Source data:
+ + + + + + +

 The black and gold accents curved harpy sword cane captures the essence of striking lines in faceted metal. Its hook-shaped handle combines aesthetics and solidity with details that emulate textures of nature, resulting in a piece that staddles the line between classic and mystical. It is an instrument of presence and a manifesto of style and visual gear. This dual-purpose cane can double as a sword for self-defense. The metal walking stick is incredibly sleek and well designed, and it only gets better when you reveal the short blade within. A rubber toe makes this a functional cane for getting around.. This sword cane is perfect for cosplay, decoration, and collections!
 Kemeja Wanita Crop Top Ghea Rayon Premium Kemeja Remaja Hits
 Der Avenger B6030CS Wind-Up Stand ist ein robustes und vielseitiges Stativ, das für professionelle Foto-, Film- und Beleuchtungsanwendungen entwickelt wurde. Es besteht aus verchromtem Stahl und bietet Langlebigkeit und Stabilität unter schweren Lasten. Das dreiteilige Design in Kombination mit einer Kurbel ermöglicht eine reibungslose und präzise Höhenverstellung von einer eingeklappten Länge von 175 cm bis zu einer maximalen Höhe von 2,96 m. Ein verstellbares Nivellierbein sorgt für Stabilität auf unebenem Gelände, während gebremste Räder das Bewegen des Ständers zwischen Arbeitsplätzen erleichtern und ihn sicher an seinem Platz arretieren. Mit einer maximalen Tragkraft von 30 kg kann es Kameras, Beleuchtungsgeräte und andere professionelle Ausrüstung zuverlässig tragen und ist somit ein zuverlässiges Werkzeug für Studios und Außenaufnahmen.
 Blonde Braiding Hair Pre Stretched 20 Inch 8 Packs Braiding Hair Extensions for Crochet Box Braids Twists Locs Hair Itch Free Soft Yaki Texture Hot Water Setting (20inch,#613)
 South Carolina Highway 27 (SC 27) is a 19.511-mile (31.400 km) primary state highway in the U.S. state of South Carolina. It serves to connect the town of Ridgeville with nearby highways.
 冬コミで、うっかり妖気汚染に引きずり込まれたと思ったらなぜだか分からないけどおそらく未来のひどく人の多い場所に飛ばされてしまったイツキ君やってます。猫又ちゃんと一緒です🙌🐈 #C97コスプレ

+ + + + + + +

Task goal
All of the data above needs to be written out exactly.

Task answer
 The black and gold accents curved harpy sword cane captures the essence of striking lines in faceted metal. Its hook-shaped handle combines aesthetics and solidity with details that emulate textures of nature, resulting in a piece that staddles the line between classic and mystical. It is an instrument of presence and a manifesto of style and visual gear. This dual-purpose cane can double as a sword for self-defense. The metal walking stick is incredibly sleek and well designed, and it only gets better when you reveal the short blade within. A rubber toe makes this a functional cane for getting around.. This sword cane is perfect for cosplay, decoration, and collections!
 Kemeja Wanita Crop Top Ghea Rayon Premium Kemeja Remaja Hits
 Der Avenger B6030CS Wind-Up Stand ist ein robustes und vielseitiges Stativ, das für professionelle Foto-, Film- und Beleuchtungsanwendungen entwickelt wurde. Es besteht aus verchromtem Stahl und bietet Langlebigkeit und Stabilität unter schweren Lasten. Das dreiteilige Design in Kombination mit einer Kurbel ermöglicht eine reibungslose und präzise Höhenverstellung von einer eingeklappten Länge von 175 cm bis zu einer maximalen Höhe von 2,96 m. Ein verstellbares Nivellierbein sorgt für Stabilität auf unebenem Gelände, während gebremste Räder das Bewegen des Ständers zwischen Arbeitsplätzen erleichtern und ihn sicher an seinem Platz arretieren. Mit einer maximalen Tragkraft von 30 kg kann es Kameras, Beleuchtungsgeräte und andere professionelle Ausrüstung zuverlässig tragen und ist somit ein zuverlässiges Werkzeug für Studios und Außenaufnahmen.
 Blonde Braiding Hair Pre Stretched 20 Inch 8 Packs Braiding Hair Extensions for Crochet Box Braids Twists Locs Hair Itch Free Soft Yaki Texture Hot Water Setting (20inch,#613)
 South Carolina Highway 27 (SC 27) is a 19.511-mile (31.400 km) primary state highway in the U.S. state of South Carolina. It serves to connect the town of Ridgeville with nearby highways.
 冬コミで、うっかり妖気汚染に引きずり込まれたと思ったらなぜだか分からないけどおそらく未来のひどく人の多い場所に飛ばされてしまったイツキ君やってます。猫又ちゃんと一緒です🙌🐈 #C97コスプレ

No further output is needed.